After 24 training trials, the participants observed the individual evaluation screen (see Fig 2G and 2H) and were asked to rate the contestant by giving him stars ranging from 0 (very bad performance) to 7 (very good performance). In adults, cue-outcome relations are usually assessed by using numerical ratings (for example, using scales between 0 and 100) [14,26], but young children are still acquiring numerical abilities (in the Spanish educational system, numerical abilities are one of the goals of Primary Education, which takes place from 6 to 12 years old). Therefore, to avoid any effects of numerical competence and to make the task relatively easy and attractive for children, we decided to use a child-friendly visual scale with a reduced range of values, and without numbers. We did not allow intermediate units in this scale, since this would require children to manage and mentally operate with fractions of the unit (e.g., half a star; note that formal instruction about fractions is not introduced in Spanish schools at this age).

The experimenter verbally described the evaluation process, and how to use the scale as follows: “OK, this contestant has already finished. Now it is your turn to make your first important decision as judge: How good do you think the boy is at planting? Do you think he planted good, bad or so-so? Let’s give him stars depending on your judgment: If you consider that he performed perfectly, we can give him all the stars, if you consider that he performed very poorly we won’t give him any, and if he planted neither very poorly nor perfect, we can give him some stars: the better he performed the greater number of stars. How many of these stars do you want to give him?”

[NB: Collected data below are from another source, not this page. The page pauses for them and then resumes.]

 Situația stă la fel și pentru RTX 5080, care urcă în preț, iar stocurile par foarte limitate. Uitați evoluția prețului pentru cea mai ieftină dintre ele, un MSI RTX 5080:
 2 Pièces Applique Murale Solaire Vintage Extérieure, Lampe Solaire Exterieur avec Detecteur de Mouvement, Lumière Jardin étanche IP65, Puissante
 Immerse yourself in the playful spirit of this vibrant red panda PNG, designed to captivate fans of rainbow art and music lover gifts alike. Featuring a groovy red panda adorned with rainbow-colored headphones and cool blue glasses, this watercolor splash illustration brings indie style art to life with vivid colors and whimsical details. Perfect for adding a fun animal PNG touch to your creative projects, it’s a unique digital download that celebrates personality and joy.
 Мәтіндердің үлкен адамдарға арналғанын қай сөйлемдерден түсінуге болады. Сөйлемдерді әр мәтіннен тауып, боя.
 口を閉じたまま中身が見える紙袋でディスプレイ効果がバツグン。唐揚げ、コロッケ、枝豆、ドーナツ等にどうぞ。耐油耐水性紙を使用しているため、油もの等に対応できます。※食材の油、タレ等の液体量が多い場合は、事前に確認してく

After rating the character’s performance, a new starting screen with “Contestant 2” written on the top was shown, announcing the second stage (see S1 Appendix for further details). In this new stage, participants were presented with another 24 training trials related to the other contestant. The procedure was exactly as that described for the first stage, except that a different scenario was used (different character, different layout, flowers instead of strawberries, etc.).

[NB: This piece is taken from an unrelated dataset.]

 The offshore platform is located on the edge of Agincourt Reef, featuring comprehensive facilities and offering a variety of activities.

Once the second contestant had been rated, the trophy assignment screen (which featured the two characters and a trophy, see Fig 2I) was presented. At this point, the child was forced to choose between the two contestants, selecting who deserved the trophy.

Both contestants were poor farmers, as the contingency between planting and sprouting was set to zero for both, that is, p(Plants |Planting) = p(Plant |~Planting). However, the overall probability of the outcome, p(O), was high for one character, and low for the other: for the character in the High p(O) condition, the plants came out on 20 out of 24 trials, that is, p(O) = .83; whereas for the one in the Low p(O) condition, they came out on only 4 out of 24 trials, that is, p(O) = .17 (see Fig 1B for details).

Trials were randomly presented in two blocks of 12 trials each, with frequencies maintained proportional on each block and no visual or temporal gaps between them. The order in which the two p(O) conditions were presented and the scenarios assigned to each condition (character, plants, layout, contest background, gardening tools, etc.), were fully counterbalanced across participants.

Results and discussion

As detailed previously, both characters were actually poor farmers but the plants grew with high probability for one character and with low probability for the other. Therefore, and if outcome probability actually biases children’s performance, they will assign a higher rating to the character in the High p(O) condition than to the character in the Low p(O) condition. Similarly, they will exhibit a preference for the former character when choosing the best farmer (trophy assignment).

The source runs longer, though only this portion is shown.